# [Exercise objective]
Output every record exactly, apart from its images.

# [Supplied material]
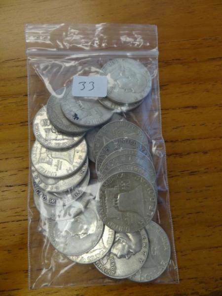 Item # 33 -- $10.00 face 90% silver coins: Franklin 50c
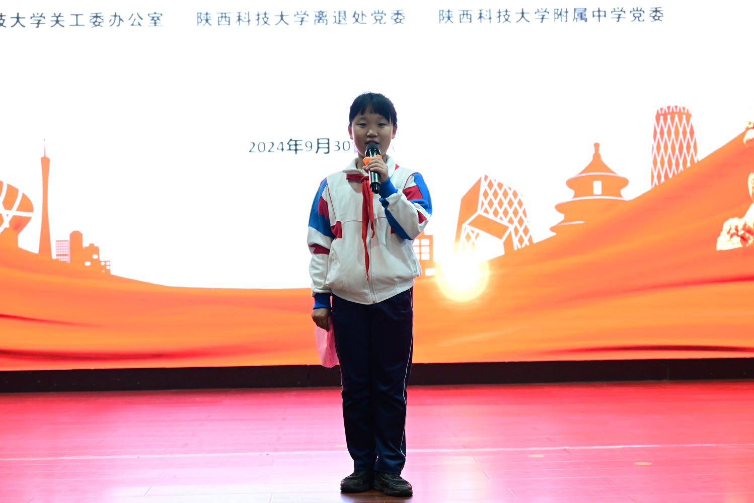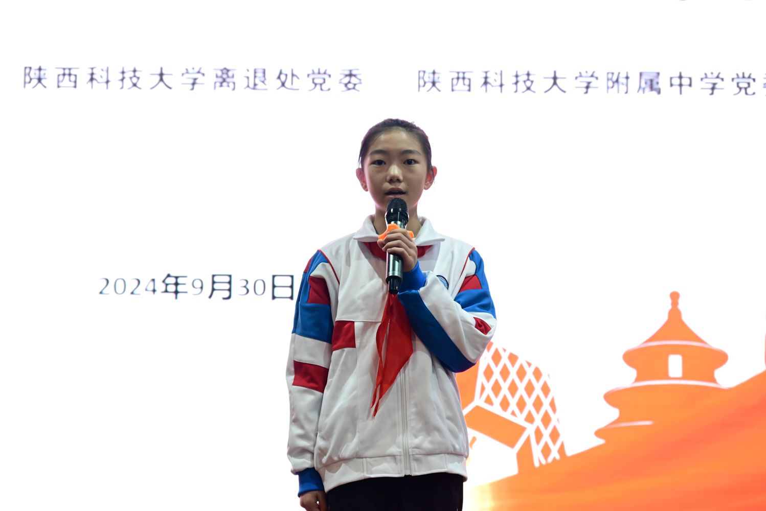 學(xué)生代表譚語桐同學(xué)領(lǐng)誦社會(huì)主義核心價(jià)值觀及陜西科技大學(xué)附屬中學(xué)校訓(xùn)、校風(fēng)及學(xué)風(fēng)。她情緒飽滿、語氣堅(jiān)定,表達(dá)了對(duì)學(xué)校、對(duì)祖國的熱愛和對(duì)未來的憧憬。
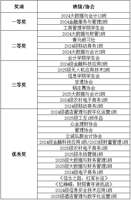 根据《关于举办财院青年说——讲述抗战故事活动的通知》的要求,经过各班级申报、二级学院初审、学生工作部复审,本次共评选出“一等奖”3个,“二等奖”5个,“三等奖”8个,“优秀奖”15个。现将结果进行公示。公示时间:2025年10月11日-2025年10月13日。如对评选结果有异议,请在公示期间实名反馈。办公室:学生公寓二楼204。
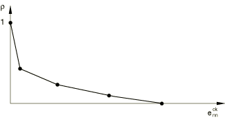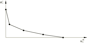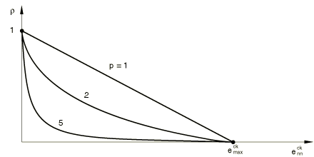 ![]() Alternatively, shear retention can be defined in the power law form: where p and are material parameters. This form, shown in Figure 5, satisfies the requirements that as (corresponding to the state before crack initiation) and as (corresponding to complete loss of aggregate interlock). See A cracking model for concrete and other brittle materials for a discussion of how shear retention is calculated in the case of two or more cracks. Figure 5. Power law form of the shear retention model.
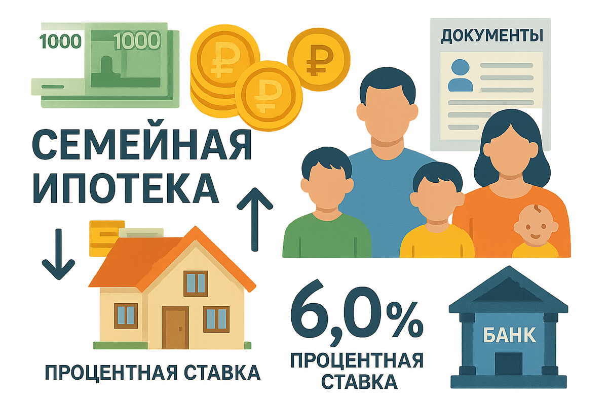 Программа для семей с детьми до 6 лет или с инвалидностью. Максимальная сумма — 12 млн рублей, срок — до 30 лет. Совет: сравнивайте полную стоимость кредита, а не только ставку.
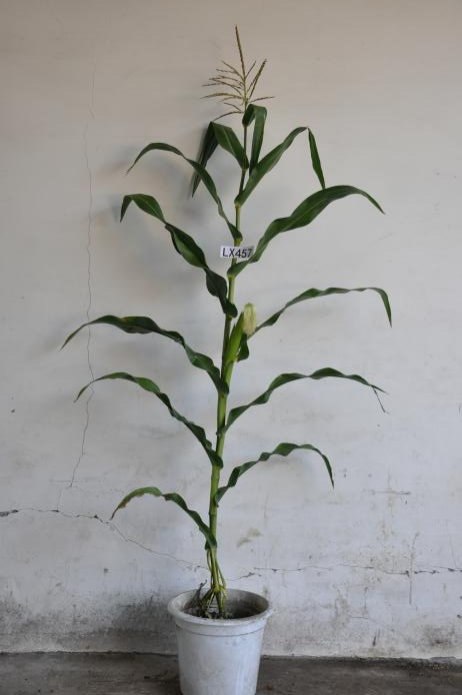LX457是以欧洲早熟系与合344为基础材料,经2代高压筛选后,利用单倍体技术选育而成。在适应区出苗至成熟生育日数为111天左右,需≥10℃活动积温2120℃左右。该品种幼苗期第一叶鞘紫色,叶片绿色,茎绿色。雄穗一级分枝12~16个,颖壳紫色,花丝绿色,花药绿色。株高182厘米,穗位高81厘米,成株可见12片叶。果穗短锥型,穗轴红色,穗长14.4厘米,穗粗4.3厘米,穗行数14~16行,籽粒硬粒型、粒色黄色,百粒重29.5克。
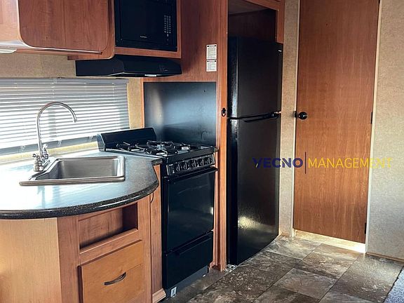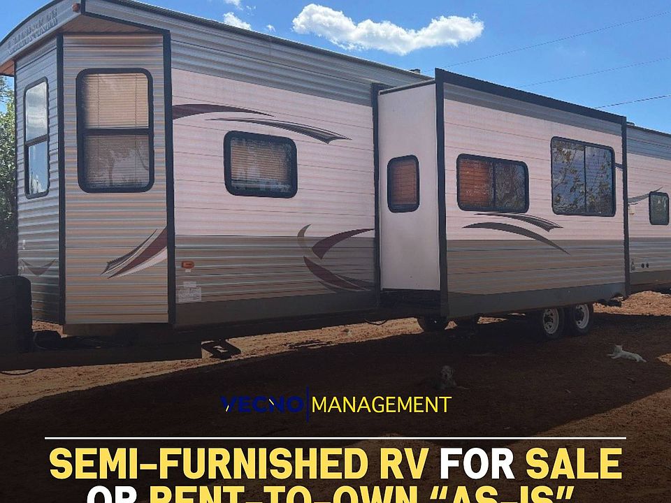 Experience the perfect blend of comfort, style, and value with this spacious 41-foot park model home featuring 2 bedrooms and 2 bathrooms. Thoughtfully designed for easy, comfortable living, this home offers an inviting atmosphere ideal for a full-time residence or a relaxing vacation retreat. Beautifully semi-furnished and move-in ready, it includes a dining table with chairs, microwave, stove, refrigerator, ceiling fan, and a bed with a comfortable foam mattress-everything you need to settle in and feel at home from day one. Available for Direct Purchase, with a Rent-to-Own option also offered, this park model provides an excellent opportunity to enjoy affordable living without compromising on quality. Please note: The home must remain on its current lot. This well-maintained home combines practicality with charm-an opportunity you won't want to miss!
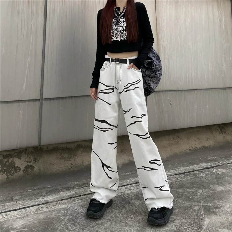 Джинсы женские с заниженной талией, модные мешковатые джинсы с принтом в Корейском стиле, свободные широкие брюки в стиле оверсайз, Y2K, осень...
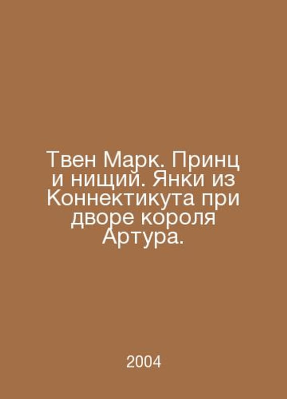 Twain Mark. Prince and the Beggar. Yankee of Connecticut at King Arthurs Court. In Russian /Tven Mark. Prints i nishchiy. Yanki iz Konnektikuta pri dvore korolya Artura. Series: My first collection of essays. M. OLMA-PRESS Education. 2004.Contact us for details or to request photos of available books. Delivery of this book could take longer than normal due to additional handling time before shipping, and no rush delivery options are available. Please let us know if you have a specific date by which you need to receive your order.SKUalbef1ff1811287924e
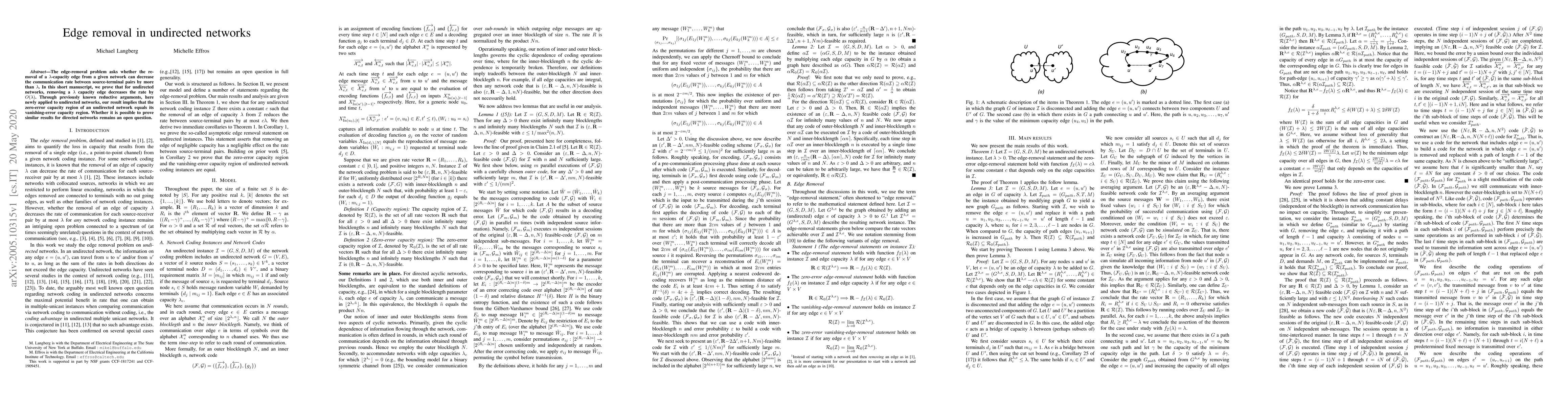 The edge-removal problem asks whether the removal of a $\lambda$-capacity edge from a given network can decrease the communication rate between source-terminal pairs by more than $\lambda$. In this short manuscript, we prove that for undirected networks, removing a $\lambda$-capacity edge decreases the rate by $O(\lambda)$. Through previously known reductive arguments, here newly applied to undirected networks, our result implies that the zero-error capacity region of an undirected network equals its vanishing-error capacity region. Whether it is possible to prove similar results for directed networks remains an open question.

# [Response to the exercise]
 Item # 33 -- $10.00 face 90% silver coins: Franklin 50c
 學(xué)生代表譚語桐同學(xué)領(lǐng)誦社會(huì)主義核心價(jià)值觀及陜西科技大學(xué)附屬中學(xué)校訓(xùn)、校風(fēng)及學(xué)風(fēng)。她情緒飽滿、語氣堅(jiān)定,表達(dá)了對(duì)學(xué)校、對(duì)祖國的熱愛和對(duì)未來的憧憬。
 根据《关于举办财院青年说——讲述抗战故事活动的通知》的要求,经过各班级申报、二级学院初审、学生工作部复审,本次共评选出“一等奖”3个,“二等奖”5个,“三等奖”8个,“优秀奖”15个。现将结果进行公示。公示时间:2025年10月11日-2025年10月13日。如对评选结果有异议,请在公示期间实名反馈。办公室:学生公寓二楼204。
 ![]() Alternatively, shear retention can be defined in the power law form: where p and are material parameters. This form, shown in Figure 5, satisfies the requirements that as (corresponding to the state before crack initiation) and as (corresponding to complete loss of aggregate interlock). See A cracking model for concrete and other brittle materials for a discussion of how shear retention is calculated in the case of two or more cracks. Figure 5. Power law form of the shear retention model.
 Программа для семей с детьми до 6 лет или с инвалидностью. Максимальная сумма — 12 млн рублей, срок — до 30 лет. Совет: сравнивайте полную стоимость кредита, а не только ставку.
LX457是以欧洲早熟系与合344为基础材料,经2代高压筛选后,利用单倍体技术选育而成。在适应区出苗至成熟生育日数为111天左右,需≥10℃活动积温2120℃左右。该品种幼苗期第一叶鞘紫色,叶片绿色,茎绿色。雄穗一级分枝12~16个,颖壳紫色,花丝绿色,花药绿色。株高182厘米,穗位高81厘米,成株可见12片叶。果穗短锥型,穗轴红色,穗长14.4厘米,穗粗4.3厘米,穗行数14~16行,籽粒硬粒型、粒色黄色,百粒重29.5克。
 Experience the perfect blend of comfort, style, and value with this spacious 41-foot park model home featuring 2 bedrooms and 2 bathrooms. Thoughtfully designed for easy, comfortable living, this home offers an inviting atmosphere ideal for a full-time residence or a relaxing vacation retreat. Beautifully semi-furnished and move-in ready, it includes a dining table with chairs, microwave, stove, refrigerator, ceiling fan, and a bed with a comfortable foam mattress-everything you need to settle in and feel at home from day one. Available for Direct Purchase, with a Rent-to-Own option also offered, this park model provides an excellent opportunity to enjoy affordable living without compromising on quality. Please note: The home must remain on its current lot. This well-maintained home combines practicality with charm-an opportunity you won't want to miss!
 Джинсы женские с заниженной талией, модные мешковатые джинсы с принтом в Корейском стиле, свободные широкие брюки в стиле оверсайз, Y2K, осень...
 Twain Mark. Prince and the Beggar. Yankee of Connecticut at King Arthurs Court. In Russian /Tven Mark. Prints i nishchiy. Yanki iz Konnektikuta pri dvore korolya Artura. Series: My first collection of essays. M. OLMA-PRESS Education. 2004.Contact us for details or to request photos of available books. Delivery of this book could take longer than normal due to additional handling time before shipping, and no rush delivery options are available. Please let us know if you have a specific date by which you need to receive your order.SKUalbef1ff1811287924e
 The edge-removal problem asks whether the removal of a $\lambda$-capacity edge from a given network can decrease the communication rate between source-terminal pairs by more than $\lambda$. In this short manuscript, we prove that for undirected networks, removing a $\lambda$-capacity edge decreases the rate by $O(\lambda)$. Through previously known reductive arguments, here newly applied to undirected networks, our result implies that the zero-error capacity region of an undirected network equals its vanishing-error capacity region. Whether it is possible to prove similar results for directed networks remains an open question.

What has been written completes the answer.